Князев впился в незнакомца встревоженными и удивлёнными глазами; медвежатником значился среди своих, величали его Князем, мало, даже из самых доверенных слышали про детскую кличку, но зная, не осмеливались её произносить. Незнакомец же не испытывал ни тревоги, ни боязни, впрочем, не проявлял и особой радости. Вид независимый и надменный, руки в карманах пальто, смуглое с тонкими чертами лицо притягивало пронзительными чёрными глазами. И трубка изогнутая турецкая в зубах, знакомая до боли.
Князев скосил глаза на окружение незнакомца. Те не обращали на него никакого внимания, кроме женщины, совсем девочки – иранки или турчанки со сросшимися бровями; вся в чёрном, она жалась к незнакомцу, а он прижимал её бережно за талию, будто пряча от злого взгляда могильщика. Нет, эта малютка не будила в нём никаких воспоминаний.

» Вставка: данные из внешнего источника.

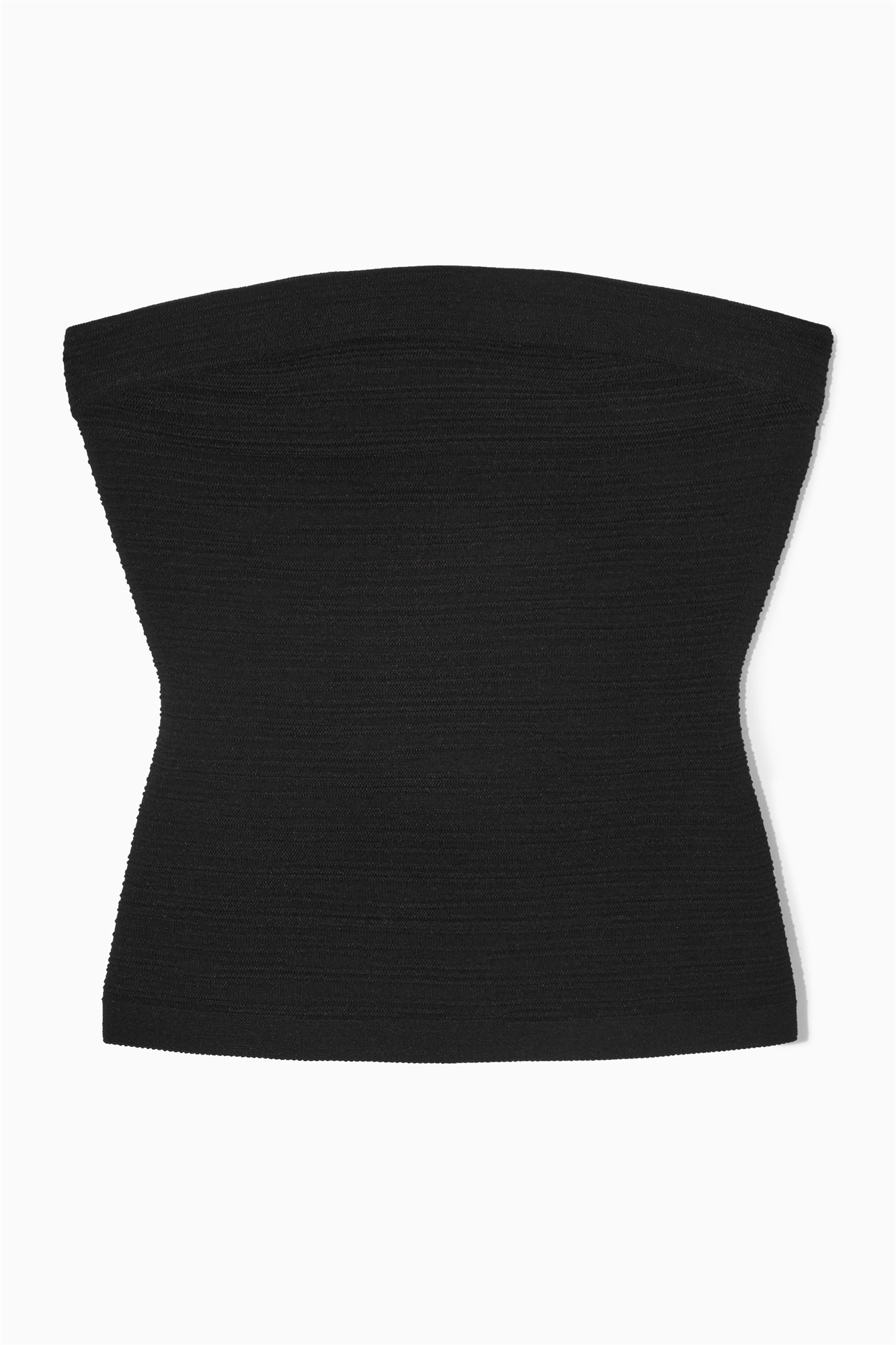 Этот нестареющий черный топ-бандо станет достойным дополнением вашего гардероба - он не только универсален, но и более элегантен, чем классические майки и футболки. Вязаная из пружинистого материала, эта вещь без рукавов имеет текстуру по всей поверхности, которая поддерживает тонко изогнутый вырез на месте. Носите его как коорд с подходящей юбкой. Переработанный нейлон (полиамид) снижает потребность в ограниченных природных ресурсах и сокращает выбросы парниковых газов Материал: 65% вискоза, 35% переработанный полиамид. Без учета отделки / Машинная стирка в холодном состоянии Длина по спинке для размера S составляет 34 см / Модель носит размер M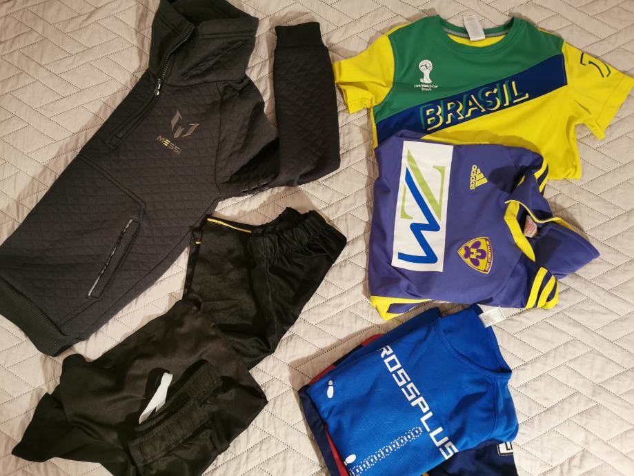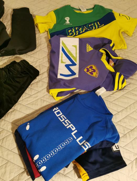 Komplet za nogometaša 128-140. Vsebuje pulover za čez glavo, 2x kratke hlae, 2x majica in zložene 2 (podarim, le za doma, imata pomanjkljivosti). Primerno za fanta, ki je bolj suhcene postave.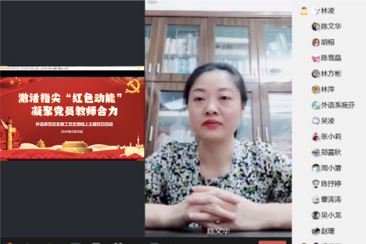 为落实立德树人的根本任务,全面提升教师思想政治素质和职业道德素养,激励全体党员教师爱岗敬业,外语系教工党支部在两会前夕,于5月20日晚7:30在外语系教工党支部工作群开展了主题为"激活指尖 '红色动能',凝聚党员教师合力"的线上党日活动。党员教师们一颗红心向我党,线上相聚一起学理论、表真情、探究与两会相关潮流热词,向党组织送上了最真诚的告白。

Кличку, которой стыдился, Князев заслужил ещё среди шпаны за исключительную худобу, высокий рост и страшную способность драться, кусая врагов своими острыми мелкими зубами. Свирепея в стычках, он наводил ужас на противников, вгрызаясь зубами в шеи, лица, руки и ноги, не щадя и не останавливаясь, прокусывал схваченную конечность, нос или ухо насквозь. Таким отпором отучил последних настырных обзывать его позорным прозвищем, а уж потом, завоевав новое – Князь, гордился и так же неистово отстаивал, пока научился искусству настоящего вора-медвежатника. После этого драться и защищать имя не было необходимости, слава сама впереди него катилась и гнула головы самым заносчивым уркам.
Этот дерзкий незнакомец, назвав его поганой кличкой, дал понять, что знал и помнил Князева в пору бесприютного воровского детства, и чем больше теперь они всматривались друг в друга, тем больше сами менялись: незнакомец будто вырастал на глазах и грузнел лицом; вынув трубку изо рта, он криво усмехался. Князев мрачнел, сникал и наливался злобой от сознания, что так и не разгадал насмешника.
– Щукой тебя кликали, это точно, а вот имени настоящего, убей, вспомнить не могу, – подошёл тот ближе без опаски, но руки не протянул.
– Матвей Спиридонович, – переминаясь с ноги на ногу, едва сдерживался Князев, вцепившись обеими руками в лопату.
– Так с той поры и копаешь? – не то упрекнул, не то напомнил незнакомец и чуть приподнял край шляпы, небрежным жестом. – Не нашёл архиереев крест?